Zu den Vorteilen von Hochglanzfolien zählen ihre Attraktivität und die damit verbundene visuelle Aufwertung des Produktes. Sie bieten Schutz vor äußeren Einflüssen und ihr Glanzeffekt kann durch zusätzliche Veredelungsprozesse noch verstärkt werden. Darüber hinaus sind die Druck- und Verarbeitungsmöglichkeiten vielseitig und bieten eine breite Palette an Gestaltungsmöglichkeiten. Ungeachtet dieser Vorteile müssen jedoch auch einige Nachteile betrachtet werden.

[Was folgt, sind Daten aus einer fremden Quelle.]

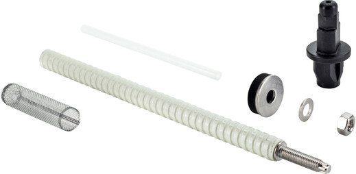 Für das Setzen der Drahthülse diese einfach auf den Stab des Befestigungssets aufstecken und bis ans Ende des Bohrlochs einführen. Beim Herausziehen des Stabes bleibt die Hülse im Bohrloch.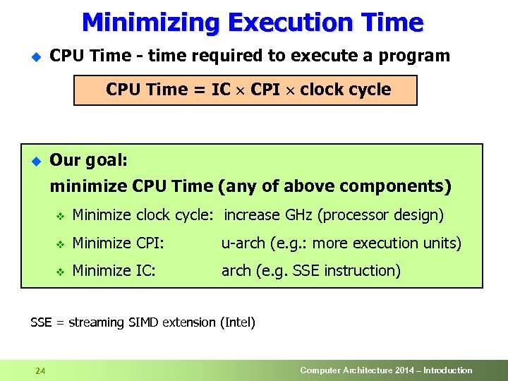 Minimizing Execution Time u CPU Time - time required to execute a program CPU Time = IC CPI clock cycle u Our goal: minimize CPU Time (any of above components) v Minimize clock cycle: increase GHz (processor design) v Minimize CPI: u-arch (e. g. : more execution units) v Minimize IC: arch (e. g. SSE instruction) SSE = streaming SIMD extension (Intel) 24 Computer Architecture 2014 – Introduction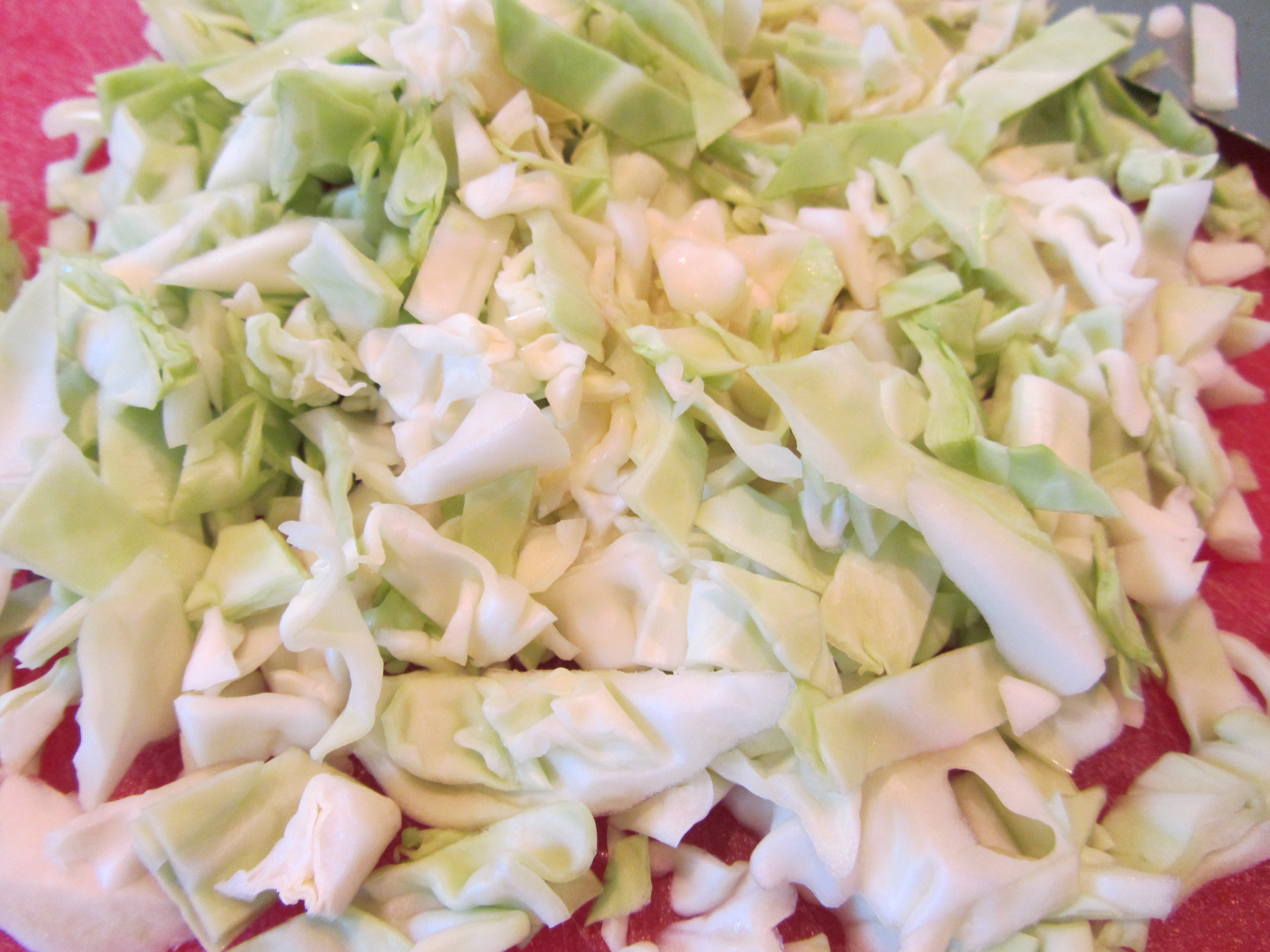 Half a head of green cabbage, sliced.

Dazu gehört der meist höhere Preis im Vergleich zu unbeschichteten Materialien. Darüber hinaus kann ihre Entsorgung im Sinne des Umweltschutzes eine Herausforderung darstellen, zumal Kunststoffprodukte im Allgemeinen ein globales Abfallproblem darstellen. Darüber hinaus ist die Produktion energieintensiv und trägt daher zu CO2-Emissionen bei. Je nach Einsatzumgebung sind außerdem mögliche Blendwirkungen durch starke Reflexion sowie eine erhöhte Sichtbarkeit von Fingerabdrücken zu berücksichtigen.

  • Vorteile: hohe Brillanz, prägnante Farb- und Bildwirkung, verbesserter Abrieb- und Kratzschutz, erhöhte Feuchte- und Schmutzresistenz, gute Reinigbarkeit der Oberfläche, stabile Optik über die Nutzungsdauer, Möglichkeit zur Kombination mit partiellen Mattlacken für differenzierte Effekte.
  • Nachteile: zusätzlicher Materialverbund, höherer Energieeinsatz bei Herstellung und Verarbeitung, möglicher Einfluss auf Recyclingprozesse von faserbasierten Substraten, teils anspruchsvollere Weiterverarbeitung (Rillen, Falzen, Stanzen), potenzielle Blendung unter starkem Licht, sichtbare Fingerabdrücke je nach Oberflächenhärte und Topcoat.

Materialtypen und Oberflächenvarianten

Für Hochglanzanwendungen kommen je nach Anforderung unterschiedliche Folientypen zum Einsatz. Auswahlkriterien sind unter anderem Glanzgrad, Transparenz/Opazität, Dicke, Planlage, Kratzfestigkeit, Reibwert und Temperaturbeständigkeit. Für Wellpappverpackungen ist die ausgewogene Kombination aus Optik, Schutzwirkung und prozesssicherer Weiterverarbeitung maßgeblich.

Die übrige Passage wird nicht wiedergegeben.